Top of Source material

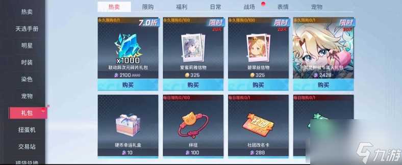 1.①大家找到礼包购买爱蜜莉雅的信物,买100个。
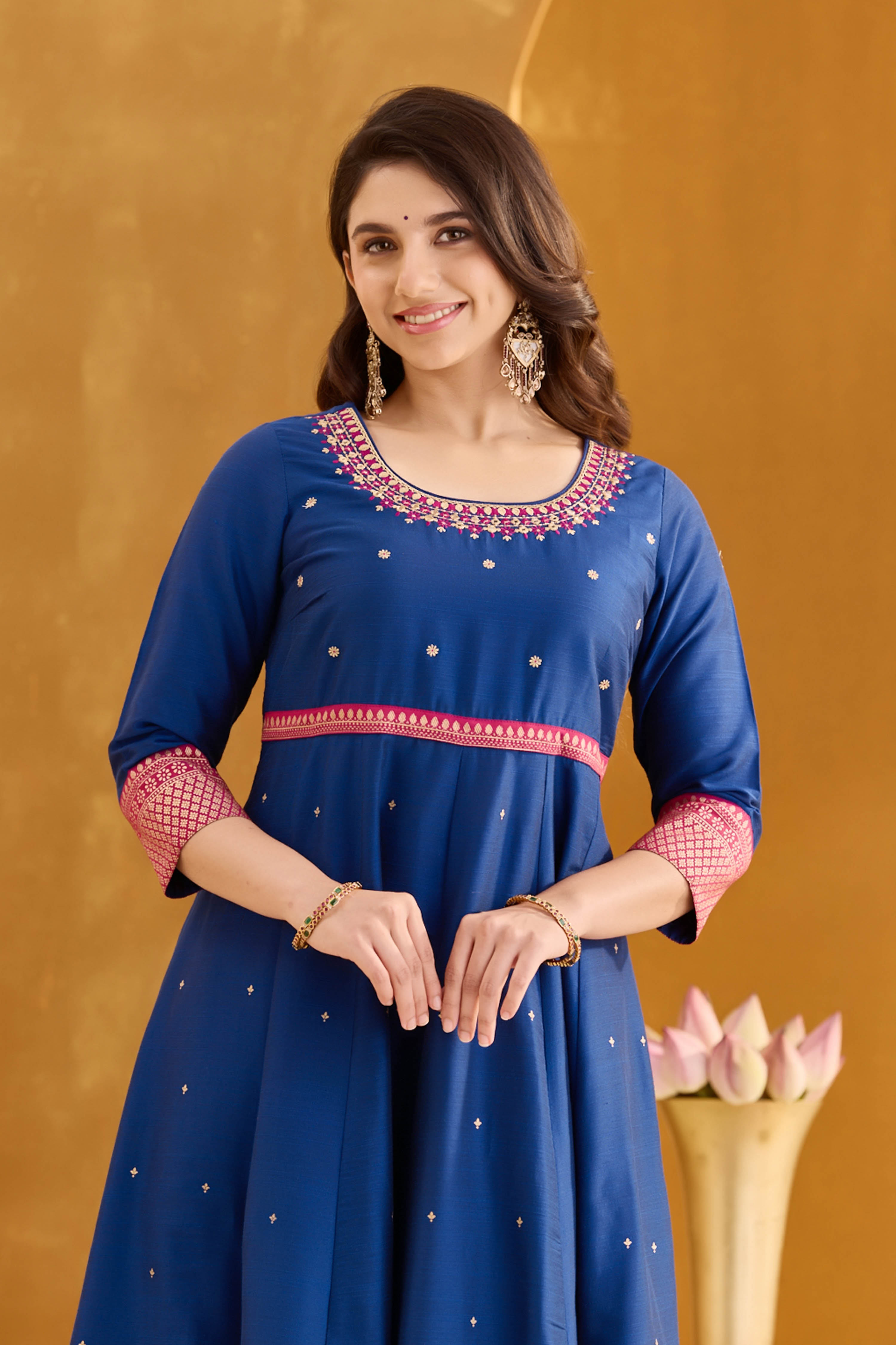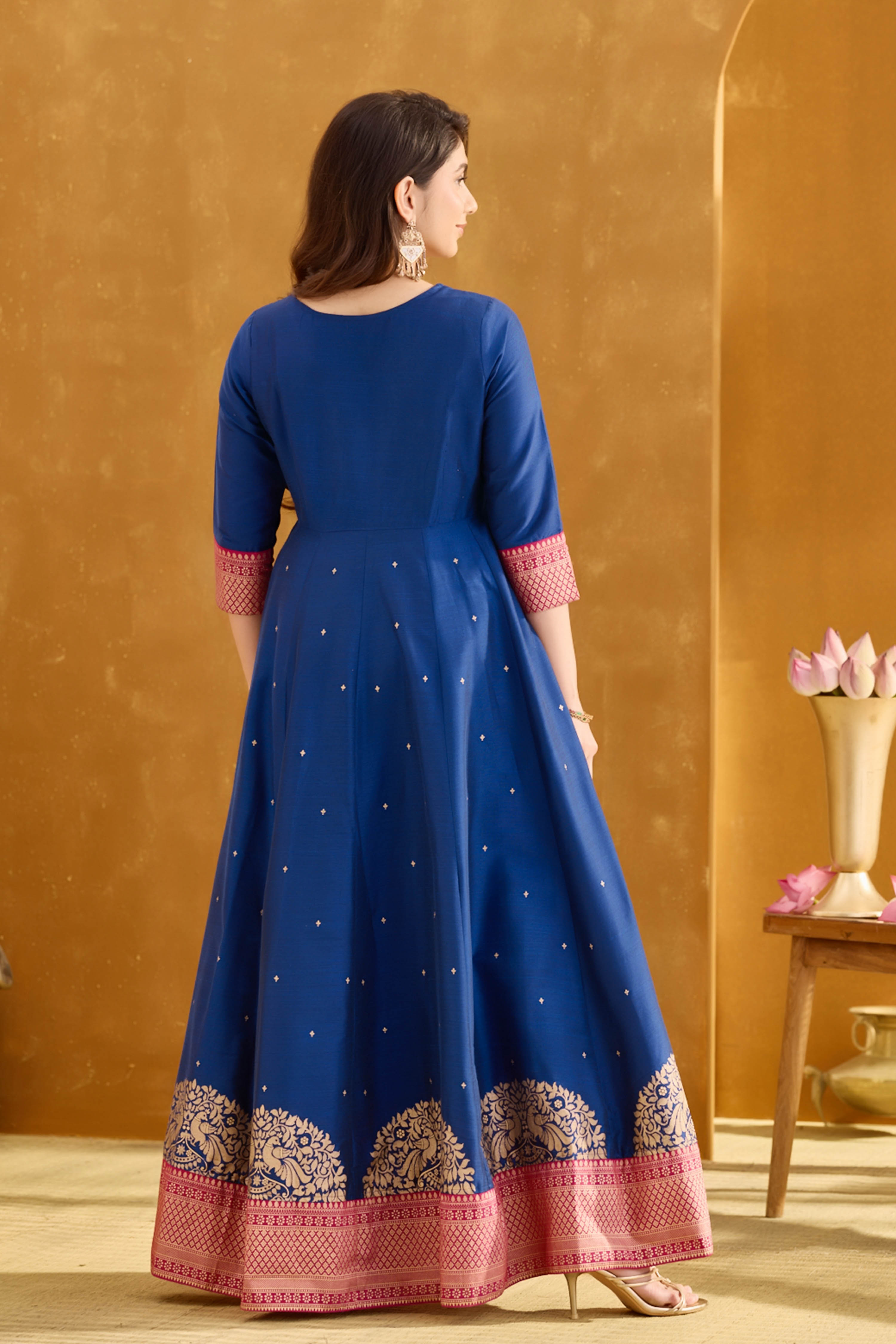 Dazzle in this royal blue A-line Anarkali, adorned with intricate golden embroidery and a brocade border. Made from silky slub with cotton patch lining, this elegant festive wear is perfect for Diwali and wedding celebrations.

Bottom of Source material
Top of Source material

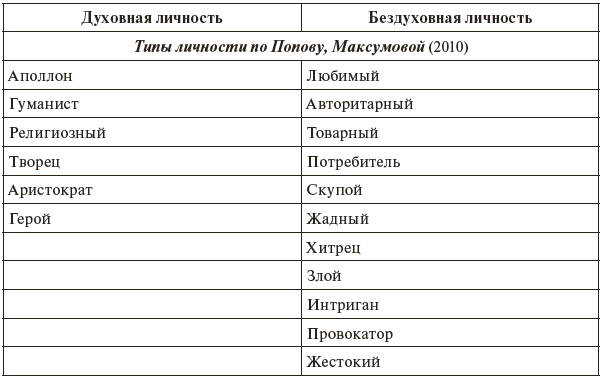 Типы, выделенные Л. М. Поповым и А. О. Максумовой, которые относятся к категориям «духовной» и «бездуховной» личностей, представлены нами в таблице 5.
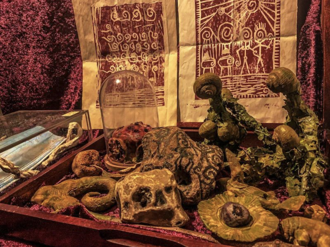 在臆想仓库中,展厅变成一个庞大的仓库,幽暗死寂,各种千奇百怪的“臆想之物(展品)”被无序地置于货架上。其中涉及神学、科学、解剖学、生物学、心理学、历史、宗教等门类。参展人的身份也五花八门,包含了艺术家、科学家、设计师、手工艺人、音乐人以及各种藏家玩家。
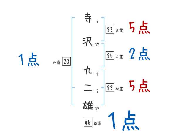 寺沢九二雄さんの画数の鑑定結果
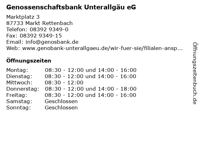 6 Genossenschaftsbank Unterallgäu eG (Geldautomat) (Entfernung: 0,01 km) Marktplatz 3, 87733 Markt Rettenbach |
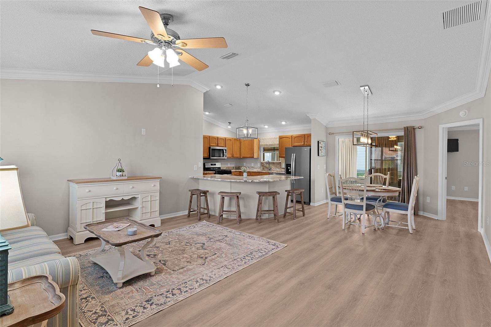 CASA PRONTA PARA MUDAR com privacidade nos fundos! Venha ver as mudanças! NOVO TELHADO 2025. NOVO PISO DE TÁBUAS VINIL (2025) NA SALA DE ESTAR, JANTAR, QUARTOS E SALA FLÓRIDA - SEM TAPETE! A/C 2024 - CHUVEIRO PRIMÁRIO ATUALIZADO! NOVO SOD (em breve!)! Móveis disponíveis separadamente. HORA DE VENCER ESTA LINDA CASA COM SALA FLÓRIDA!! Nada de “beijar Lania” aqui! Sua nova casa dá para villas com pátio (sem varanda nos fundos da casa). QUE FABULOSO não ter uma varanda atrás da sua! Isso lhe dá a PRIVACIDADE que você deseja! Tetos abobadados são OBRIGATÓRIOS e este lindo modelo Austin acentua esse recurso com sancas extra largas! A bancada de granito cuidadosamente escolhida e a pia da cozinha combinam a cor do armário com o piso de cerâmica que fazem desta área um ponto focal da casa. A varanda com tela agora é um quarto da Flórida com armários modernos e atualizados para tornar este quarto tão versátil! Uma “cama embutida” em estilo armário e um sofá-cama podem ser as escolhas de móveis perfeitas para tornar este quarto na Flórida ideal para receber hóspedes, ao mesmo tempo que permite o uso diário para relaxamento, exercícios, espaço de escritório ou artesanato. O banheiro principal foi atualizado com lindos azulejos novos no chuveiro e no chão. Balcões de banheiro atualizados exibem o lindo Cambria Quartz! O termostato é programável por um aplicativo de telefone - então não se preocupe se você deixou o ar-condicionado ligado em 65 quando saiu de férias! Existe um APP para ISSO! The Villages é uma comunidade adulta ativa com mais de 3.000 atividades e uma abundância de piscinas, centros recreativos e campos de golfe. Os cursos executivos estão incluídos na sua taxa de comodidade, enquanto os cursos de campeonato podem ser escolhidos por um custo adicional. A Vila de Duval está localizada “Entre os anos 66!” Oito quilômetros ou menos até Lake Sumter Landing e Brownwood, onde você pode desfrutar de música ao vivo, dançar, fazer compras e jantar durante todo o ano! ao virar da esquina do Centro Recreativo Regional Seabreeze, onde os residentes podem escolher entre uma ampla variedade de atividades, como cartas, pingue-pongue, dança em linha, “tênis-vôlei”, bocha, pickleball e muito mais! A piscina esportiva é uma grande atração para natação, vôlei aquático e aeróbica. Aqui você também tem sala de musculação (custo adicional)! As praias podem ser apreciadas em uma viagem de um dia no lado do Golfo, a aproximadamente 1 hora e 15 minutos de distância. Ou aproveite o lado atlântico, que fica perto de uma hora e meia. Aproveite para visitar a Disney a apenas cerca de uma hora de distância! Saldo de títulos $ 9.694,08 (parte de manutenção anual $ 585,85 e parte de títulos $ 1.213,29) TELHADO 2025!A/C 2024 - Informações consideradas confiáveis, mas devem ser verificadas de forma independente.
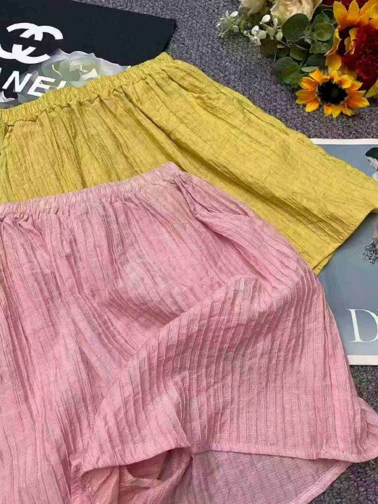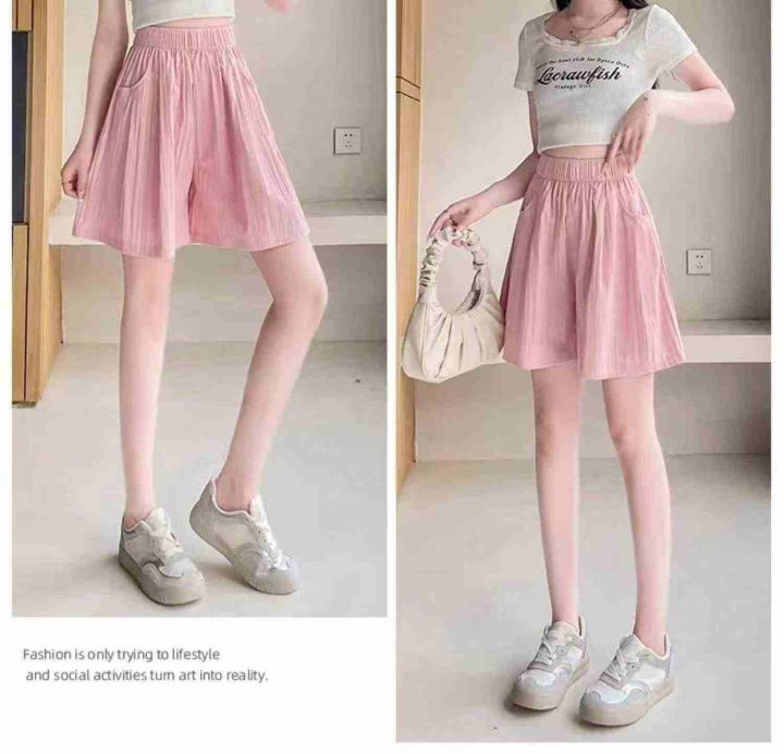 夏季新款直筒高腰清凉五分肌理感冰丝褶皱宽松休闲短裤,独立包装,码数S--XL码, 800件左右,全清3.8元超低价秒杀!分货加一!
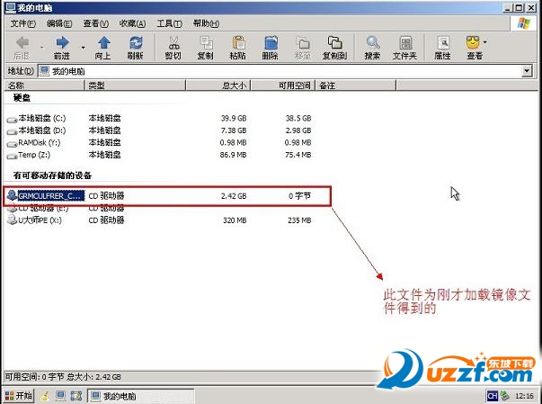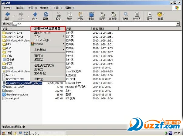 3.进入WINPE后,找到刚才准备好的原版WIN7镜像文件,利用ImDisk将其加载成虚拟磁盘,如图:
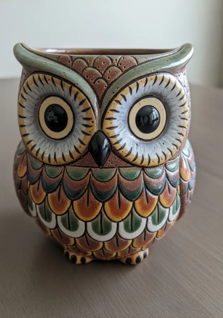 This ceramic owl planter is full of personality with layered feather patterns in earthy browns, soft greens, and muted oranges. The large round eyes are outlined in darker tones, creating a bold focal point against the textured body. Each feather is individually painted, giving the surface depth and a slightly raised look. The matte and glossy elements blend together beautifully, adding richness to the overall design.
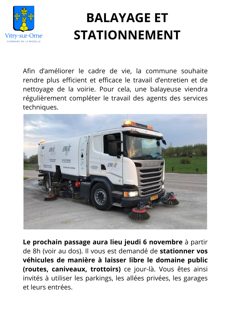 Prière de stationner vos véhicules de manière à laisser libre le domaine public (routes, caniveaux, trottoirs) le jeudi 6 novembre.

Bottom of Source material
Top of Source material

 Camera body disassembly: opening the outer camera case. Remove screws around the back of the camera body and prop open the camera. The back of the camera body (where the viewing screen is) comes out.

Bottom of Source material

**Requirement:** Nothing but the lines from the one with "在臆想仓库中,展厅变成一个庞" up to and including the one with "6 Genossenschaftsbank Unterallgäu" should be printed, exactly as they read above. Please keep the pictures out.

**Solution to the problem:**
 在臆想仓库中,展厅变成一个庞大的仓库,幽暗死寂,各种千奇百怪的“臆想之物(展品)”被无序地置于货架上。其中涉及神学、科学、解剖学、生物学、心理学、历史、宗教等门类。参展人的身份也五花八门,包含了艺术家、科学家、设计师、手工艺人、音乐人以及各种藏家玩家。
 寺沢九二雄さんの画数の鑑定結果
 6 Genossenschaftsbank Unterallgäu eG (Geldautomat) (Entfernung: 0,01 km) Marktplatz 3, 87733 Markt Rettenbach |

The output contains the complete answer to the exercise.